- WORK ITEM: Copy nothing but the lines from the one containing "図3に解析モデルの精度を確認" through the last line of the records, repeated exactly and without pictures.

- EXERCISE MATERIALS:
.....
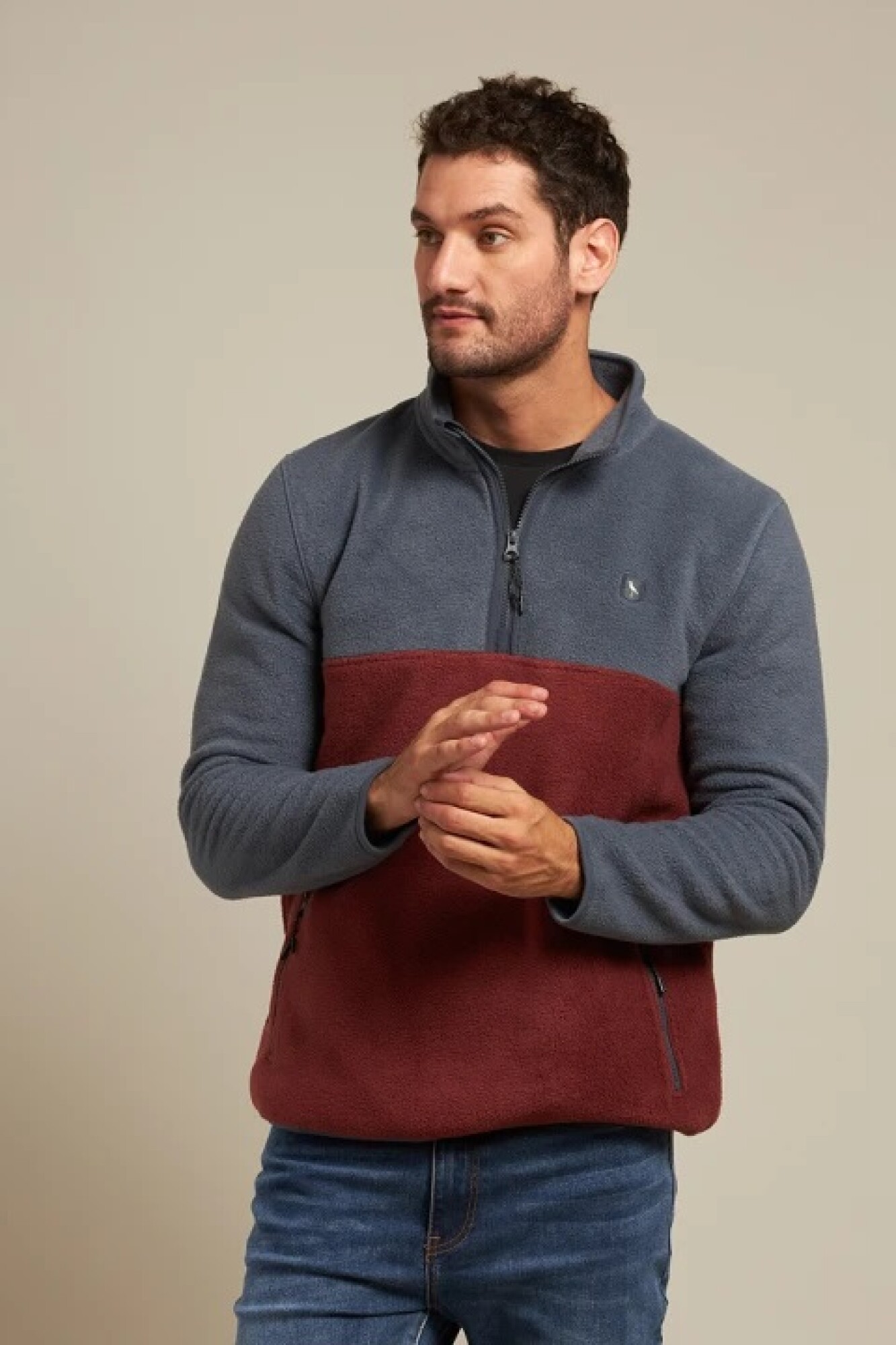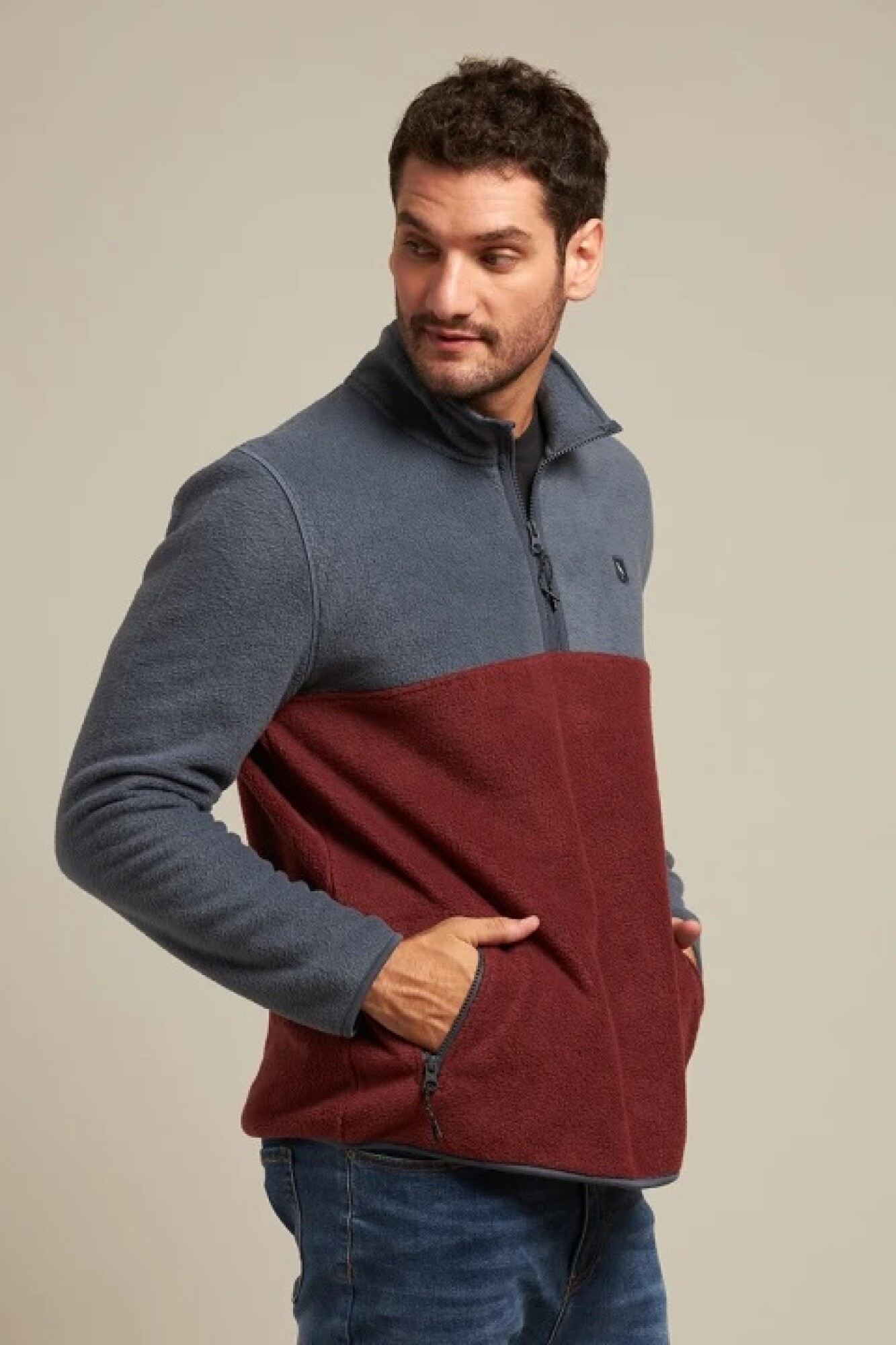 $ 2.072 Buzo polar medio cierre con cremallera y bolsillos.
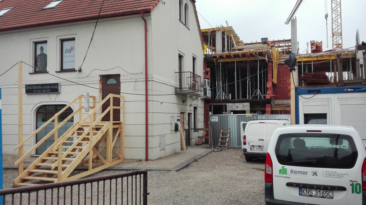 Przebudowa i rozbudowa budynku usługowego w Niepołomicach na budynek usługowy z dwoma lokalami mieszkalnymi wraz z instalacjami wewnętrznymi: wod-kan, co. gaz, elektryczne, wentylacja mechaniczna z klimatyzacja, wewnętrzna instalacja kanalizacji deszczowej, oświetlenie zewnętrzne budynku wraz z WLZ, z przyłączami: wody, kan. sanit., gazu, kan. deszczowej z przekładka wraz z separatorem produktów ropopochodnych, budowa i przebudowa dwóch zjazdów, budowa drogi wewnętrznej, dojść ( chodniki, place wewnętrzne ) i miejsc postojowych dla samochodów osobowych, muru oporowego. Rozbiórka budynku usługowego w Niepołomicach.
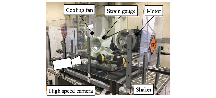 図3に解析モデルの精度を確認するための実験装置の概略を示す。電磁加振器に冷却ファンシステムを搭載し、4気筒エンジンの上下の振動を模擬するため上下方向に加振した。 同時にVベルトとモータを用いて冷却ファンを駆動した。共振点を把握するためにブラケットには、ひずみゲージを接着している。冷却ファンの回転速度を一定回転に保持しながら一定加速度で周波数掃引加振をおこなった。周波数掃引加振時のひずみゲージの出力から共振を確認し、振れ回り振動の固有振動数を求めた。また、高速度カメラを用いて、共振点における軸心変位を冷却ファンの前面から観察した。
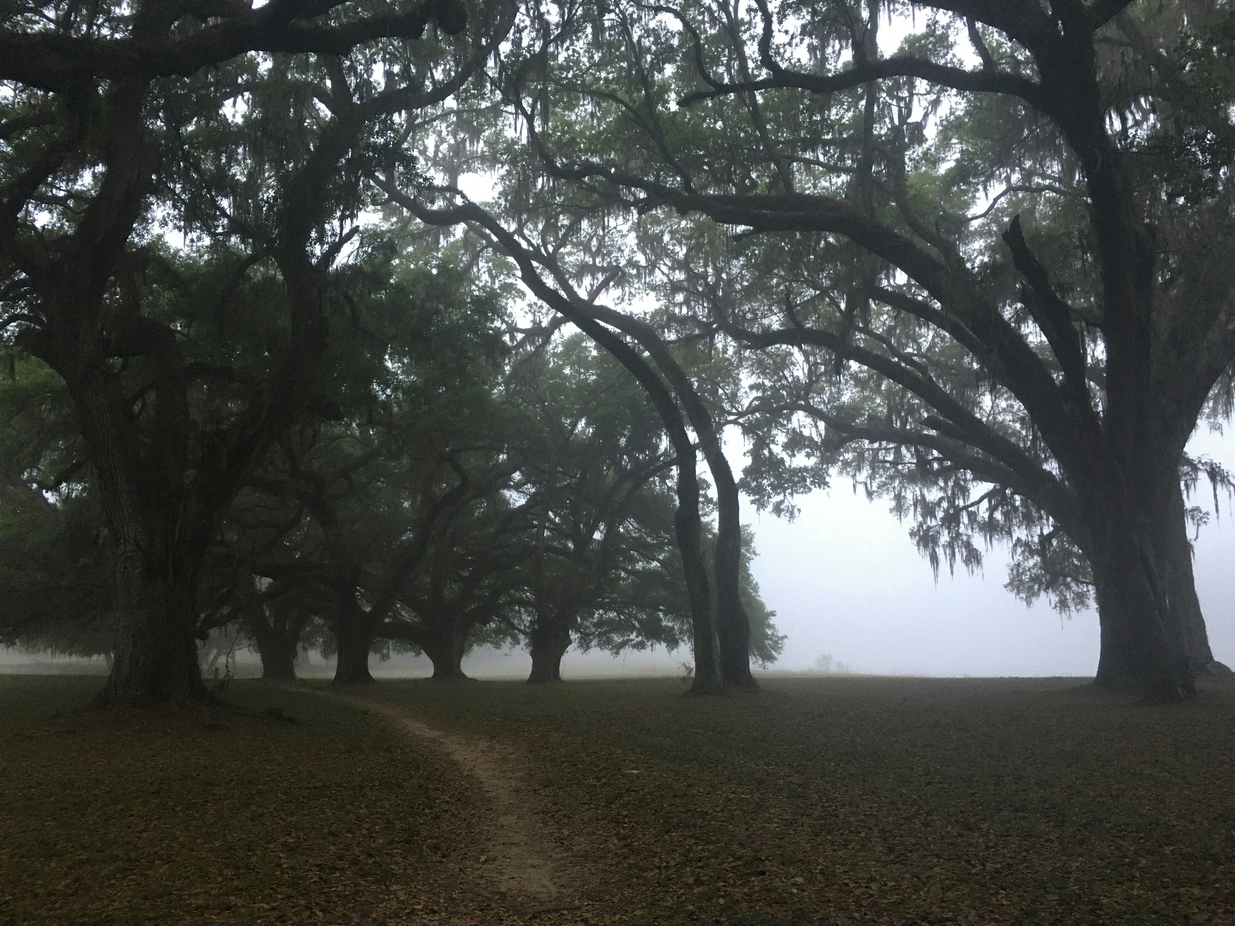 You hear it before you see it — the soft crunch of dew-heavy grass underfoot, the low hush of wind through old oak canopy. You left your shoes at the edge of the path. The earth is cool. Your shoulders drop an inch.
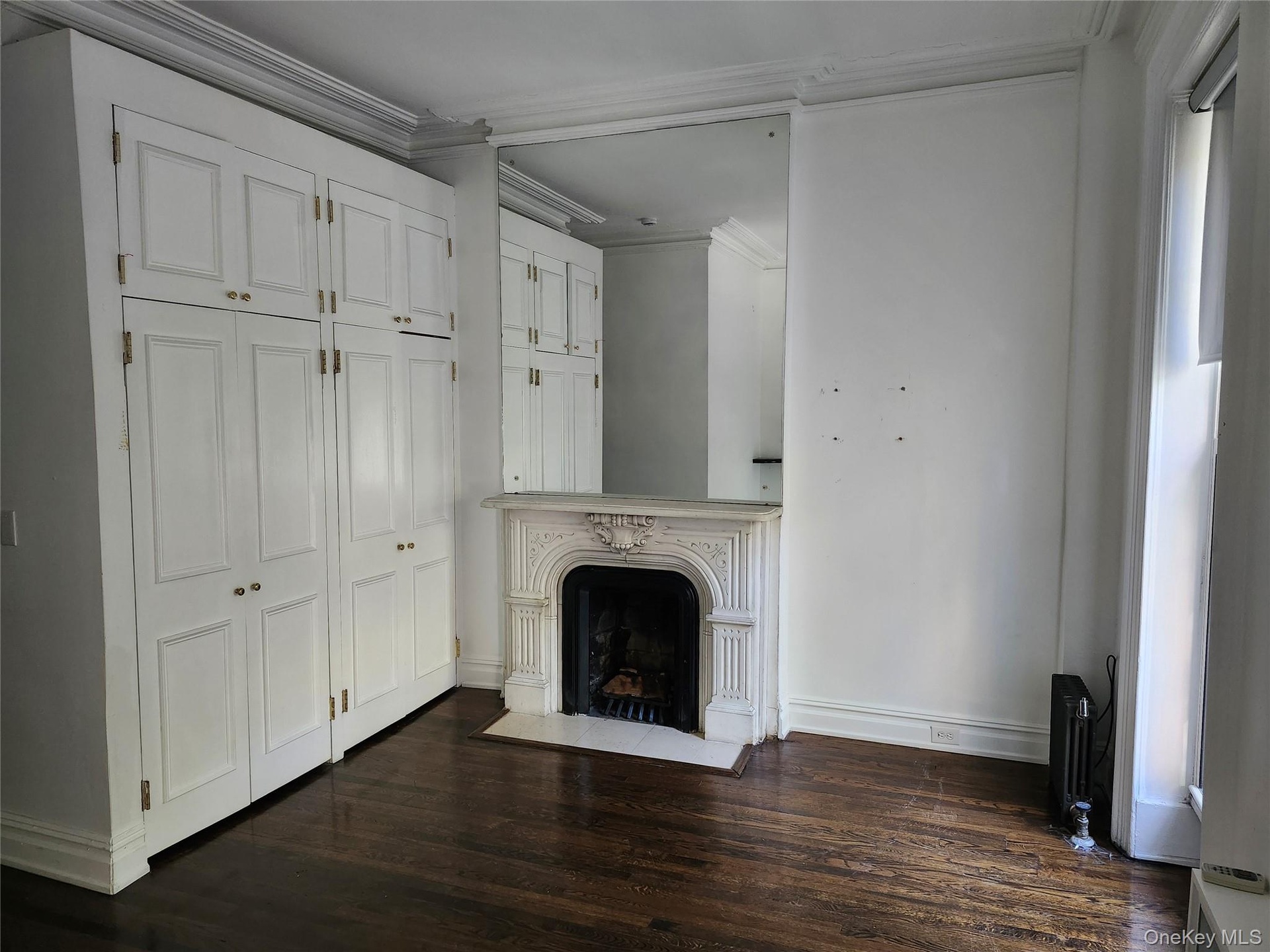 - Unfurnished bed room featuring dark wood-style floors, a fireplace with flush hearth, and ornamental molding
.....
- EXERCISE RESPONSE:
 図3に解析モデルの精度を確認するための実験装置の概略を示す。電磁加振器に冷却ファンシステムを搭載し、4気筒エンジンの上下の振動を模擬するため上下方向に加振した。 同時にVベルトとモータを用いて冷却ファンを駆動した。共振点を把握するためにブラケットには、ひずみゲージを接着している。冷却ファンの回転速度を一定回転に保持しながら一定加速度で周波数掃引加振をおこなった。周波数掃引加振時のひずみゲージの出力から共振を確認し、振れ回り振動の固有振動数を求めた。また、高速度カメラを用いて、共振点における軸心変位を冷却ファンの前面から観察した。
 You hear it before you see it — the soft crunch of dew-heavy grass underfoot, the low hush of wind through old oak canopy. You left your shoes at the edge of the path. The earth is cool. Your shoulders drop an inch.
 - Unfurnished bed room featuring dark wood-style floors, a fireplace with flush hearth, and ornamental molding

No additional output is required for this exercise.